Remember that 'weird' interstellar comet? Astronomers have narrowed down its home star system

Astronomers are getting closer to determining where a strange visitor from another stellar system came from.

4 stars could be home to strange, cigar-shaped comet from another star system

An artist's illustration of the interstellar object 'Oumuamua, which appears to be outgassing material. It was discovered by Canadian astronomer Robert Weryk last fall. (ESA/Hubble, NASA, ESO, M. Kornmesser)

It was a surprise visitor that astronomers believe travelled for billions of years before whizzing through our solar system. Astronomers had no idea where this "weird" interstellar interloper came from, but scientists have now narrowed its origins to just four stars — out of 1.6 billion.

'Oumuamua is a strangely shaped rock discovered last October by Canadian astronomer Robert Weryk, at the University of Hawaii's Institute for Astronomy.

The story of 'Oumuamua is an intriguing one, as there was debate over whether it was a comet or an asteroid. (Researchers eventually determined it was a comet.) 

It is also the first known interstellar visitor, and, as a result, astronomers are keen to understand how and why it was ejected from its star system — something that would require a unique set of circumstances.

A diagram that shows the trajectory and location of 'Oumuamua on Dec. 12, 2017. (NASA/JPL)

"It is a very interesting object that immediately raises the question: Where does it come from?" said Timo Prusti, Gaia project scientist at the European Space Agency. "People have been trying to address this issue with existing data right from the beginning when it was discovered. But the quality of the available data wasn't good enough to really find any candidates."

Enter the ESA's space telescope, Gaia, which has been in orbit since 2013.

Gaia has the unique job of mapping our galaxy in 3D, and one of its attributes is that it is able to calculate the movement and velocity of the stars in our galaxy.

Using the first 22 months of data from the Gaia mission, an international group of scientists narrowed down 'Oumuamua's home to four small dwarf stars: HD 292249, HIP 3757 and two others without names.

The paper has been approved for publication in the Astronomical Journal, but is currently available on

The current theory is that 'Oumuamua was ejected from a binary — or two-star — system during its star's planet-formation stage. It's not yet known whether any of these four stars are binary systems.
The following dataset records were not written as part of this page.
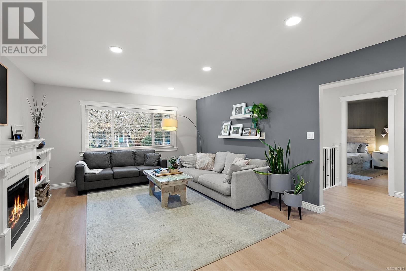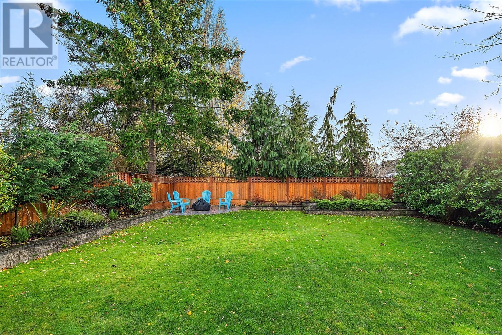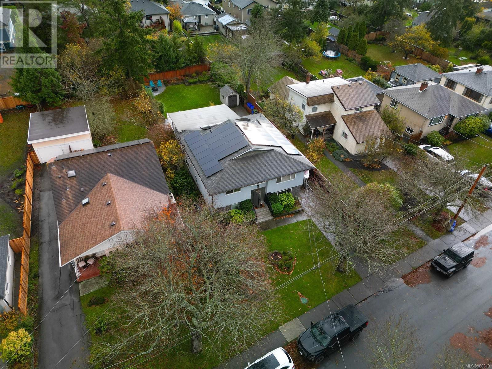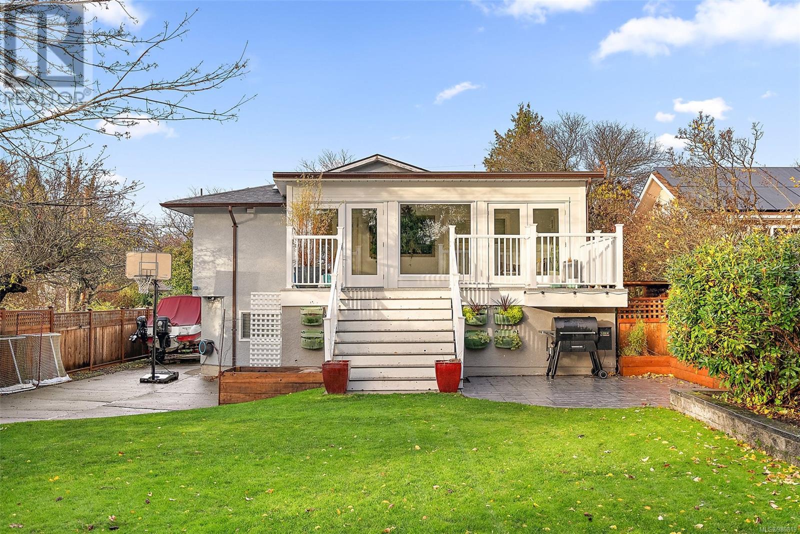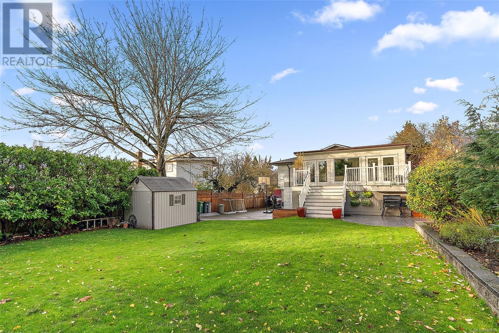 Welcome to your dream home located on Oak Bay border. Open floor plan with living room, dining room, and a beautiful kitchen. This home features a solar roof that offsets 60% of your hydro costs, saving you money and reducing your carbon footprint. Enjoy the south-facing spacious backyard, perfect for relaxing, children, pets or entertaining guests. Be drenched in sun on the back deck or sunroom which could be another bedroom. Irrigation system to keep your yard looking lush and green. Updates to the home include new windows, front door and railings, bathrooms, and laminate flooring throughout for easy maintenance. Primary bedroom offers an ensuite with a double sink vanity. Downstairs, you'll find a bedroom, workout room plus a 1 bedroom suite. Speckled flooring in the double car garage, providing a space for your vehicles and storage needs. Don't miss out on the opportunity to own this incredible home with plenty of upgrades and features. The friendly neighbourhood is popular with young families with a dead-end location. Walk to Hillside Mall, Oakland's Park, Save-On-Foods, bus routes, and the Jubilee hospital. (id:22211)
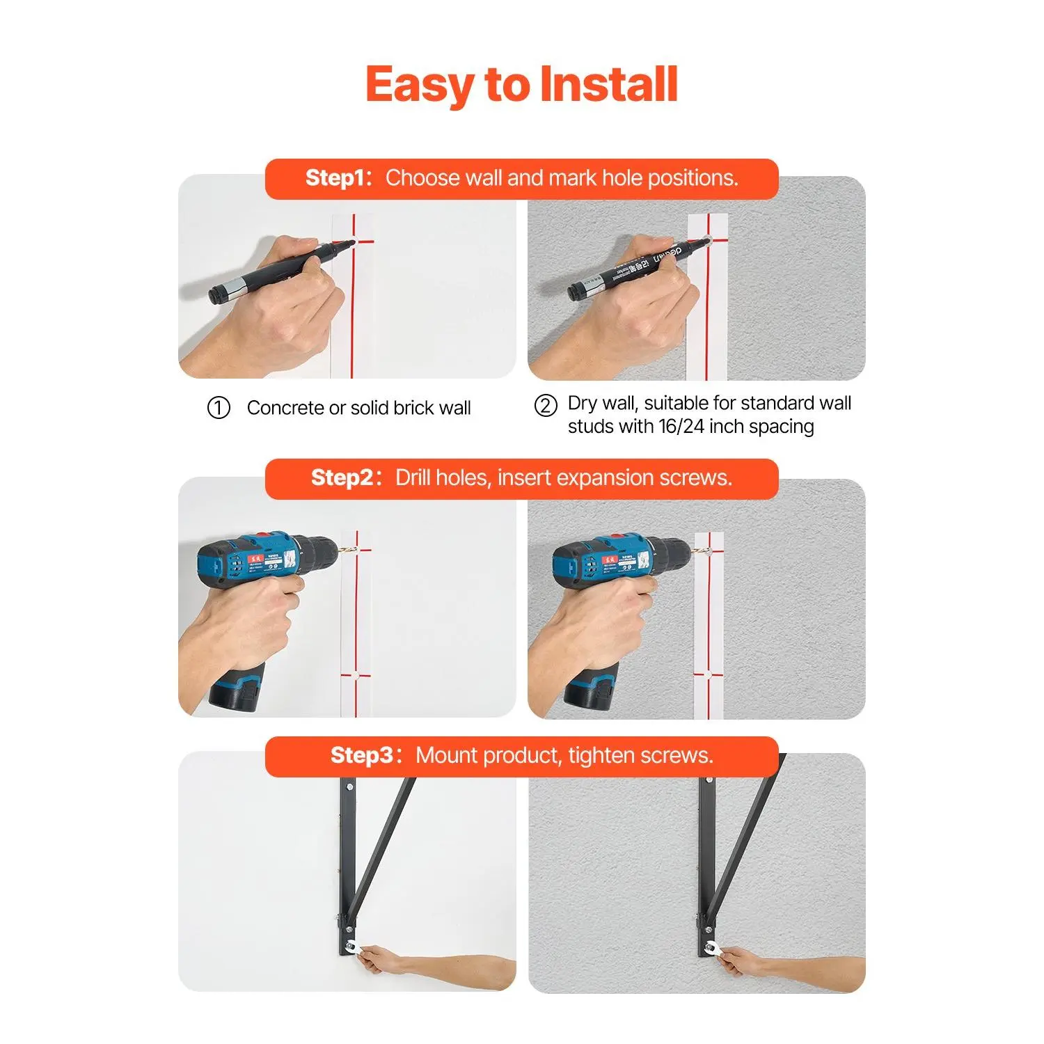 440LBS Carbon Steel Frame: This wall mounted pull up bar is made of heavy-duty carbon steel, 1.4mm thick powder coating for rust and corrosion resistance.Max weight capacity is 440lbs, providing stability and security.Suitable for both home and gym environments, meeting all your fitness needsSmart Space Design: With a 30-inch distance from the wall, this chin up workout training station ensures you won't hit the wall during full-range movements, making it perfect for smaller spaces.Compatible with accessories like ab straps and gym rings, allowing for pull-ups, resistance bands, ring exercises, and more (NOTE: Need to purchase separately)Dual Adjustment Options: Two depth settings (22 in/30in) allow you to switch between compact storage and professional training modes.Use this heavy duty wall mounted pull up bar to easily shape your perfect bodyEasy Installation: Designed with a 48-inch hole spacing, this upper body workout pull up bar comes with positioning hole paper and expansion screws for quick installation.Supports wood/concrete walls1.25IN Anti-Slip Handles: The total width is 50 inches, with 1.25-inch knurled grips.The anti-sweat texture reduces slippage during intense workouts.An ideal workout pull up bar bar for home useVEVOR Pull Up Bar, 50 in Width Wall Mounted Pull Ups, Adjustable Depth 22" or 30" from Wall, Heavy Duty Steel Upper Body Workout Bars, 440 lbs Weight Capacity Chin Up Training Station, for Home Gym
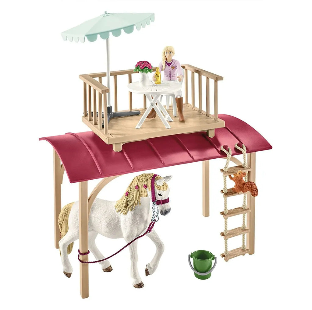 1x fully flexible figure, 1 x Andalusian Mare, 1x squirrel, 1x stall, 2x lanterns, 1x ladder, 1x chair, 1x sunshade, 1x outdoor table, 1x sofa, 1x living room table, 1x lamp, 1x window box, 1x rope ladder, 2x winner rosette, 1x saddle, 1x bridle, 1x rein, 1x halter, 1x hay rack, 1x comb, 1 x grooming brush, 1x straw bale , 1x bucket, 1 x apple, 2x cushion, 1x campfire, 1x bottle, 2x barbecue stick with sausage, 2x cup, 2x mug, 1x bowl, 1x plant pot, 3x wooden log, 1x sticker, 1x assembly instructions
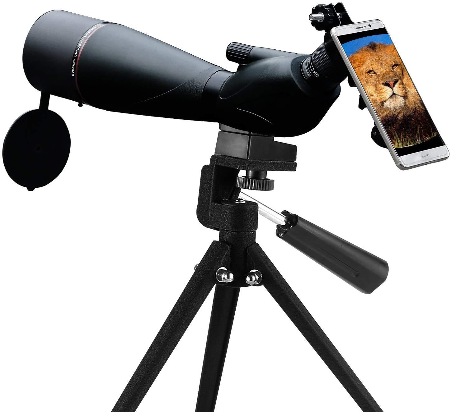This spotting scope offers 20x to 60x variable magnification and dynamic lens focusing system to meet your various requirements for watching sport games, viewing wildlife, hiking Fully multi-coated lens and BaK4 prism coatings to make you obtain brighter, clearer images. Magnesium Alloy Body is strong and durable, but lighter weight than traditional aluminum alloy housings. Twist-up Eyecup-Adjustable eye cup that twists up and down for comfortable viewing with or without eyeglasses. All Eyeskey Optics Products Have Been Covered by a one year Warranty.
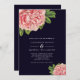 Um convite de casamento clássico e eterno em azul marinho e rosa. Duas minuciosas pénicas cor-de-água cor-de-rosa decoram os cantos deste convite, num sofisticado fundo azul-marinho, que é o mesmo que o backer. Seu texto de convite está em branco contrastante. .
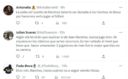 “Ya no sé ni qué decir de Ramírez”, escribió un hincha en su cuenta de Twitter. “La plata del sueldo de Ramírez debería ser donada a los hinchas de Boca por hacernos verlo jugar al fútbol”, soltó una usuaria. “¿Hasta cuándo va a seguir siendo titular?”, arremetió otro. “Su nivel es nefasto”, tiró un hincha. Deberá levantar…
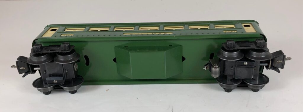 The No. 2640 and 2641 Passenger Cars measure 9 1/2-inches in length. The sides of the cars have a single metal insert, painted a contrasting color, to create the doors, window inserts, and identification of the car number and type. The cars have a clear or frosted celluloid strip in the windows. The cars were illuminated. The only difference between the 2630 and 2640 Series Passenger Cars is that the 2640 Series Cars were illuminated.
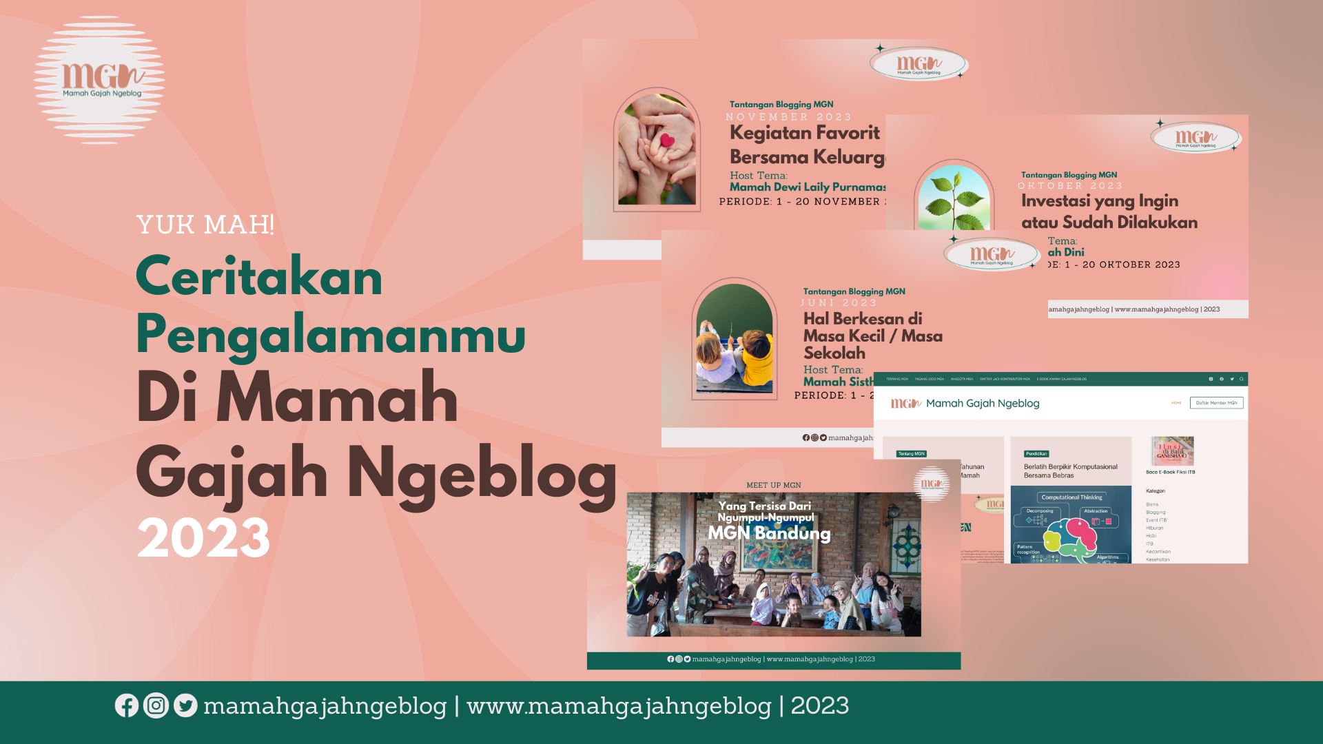 Tahun 2023 adalah tahun ketiga Mamah Gajah Ngeblog beraktivitas. Alhamdulillah, seiring berjalannya waktu komunitas ini sudah berkembang menjadi wadah yang hangat bagi Mamah-Mamah untuk aktif ngeblog.
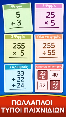 Είτε το παιδί σας βρίσκεται στα πρώτα του βήματα με τους αριθμούς είτε αναζητά ενισχυμένες προκλήσεις, το **Μαθηματικό Παιχνίδι** προσαρμόζεται τέλεια. Με ποικίλες επιλογές δυσκολίας, από απλές ασκήσεις "συν και πλην" μέχρι απαιτητικούς πολλαπλασιασμούς και διαιρέσεις, καλύπτει τις ανάγκες μαθητών από το νηπιαγωγείο έως και την έκτη δημοτικού, αλλά και μεγαλύτερων που επιθυμούν να εξασκήσουν το μυαλό τους. Η εφαρμογή είναι ένας θησαυρός από παιχνίδια αριθμών, παιχνίδια πρόσθεσης και πολλαπλασιασμού, δημιουργώντας ένα φιλικό και χωρίς περισπασμούς περιβάλλον, ιδανικό για αβίαστη μάθηση.

Potentially more candidates

And while 1.6 billion stars sounds like a lot, it's really just a drop in the bucket.

"It sounds like a huge number," Prusti said. "But we always have to remind ourselves that in our Milky Way, that it represents only one per cent of the stars."

While there's only been 22 months of data analyzed so far, another batch of data, encompassing 34 months, will be released in 2021. But if you think that will help narrow things down further for 'Oumuamua, it's not that simple: The new data will add millions more stars that could produce new candidates for the comet's home system.

An all-sky view of our Milky Way and neighbouring galaxies, based on measurements of nearly 1.7 billion stars. The map shows the density of stars, observed by the Gaia space telescope, in each portion of the sky between July 2014 to May 2016. ​The two bright objects in the lower right are the Large and Small Magellanic Clouds, two dwarf galaxies orbiting the Milky Way. (Gaia Data Processing and Analysis Consortium (DPAC); A. Moitinho/A. F. Silva/M. Barros, et al.)

According to Prusti, that might not be a bad thing.

"What might be is that among the stars, we might get a better candidate, where the velocities — and also how close the encounter — are a better match than for these four stars," he said. "It might be that we get many more candidates, but one or two of them are really good candidates."

So far, Gaia has proved to be invaluable to astronomers trying to learn more about our galaxy, which, in turn, helps them test theories and better understand the universe.

Last week, a study using Gaia data revealed that the stars in our galaxy are still dealing with the effects of a galactic near-collision that occurred somewhere between 300 and 900 million years ago.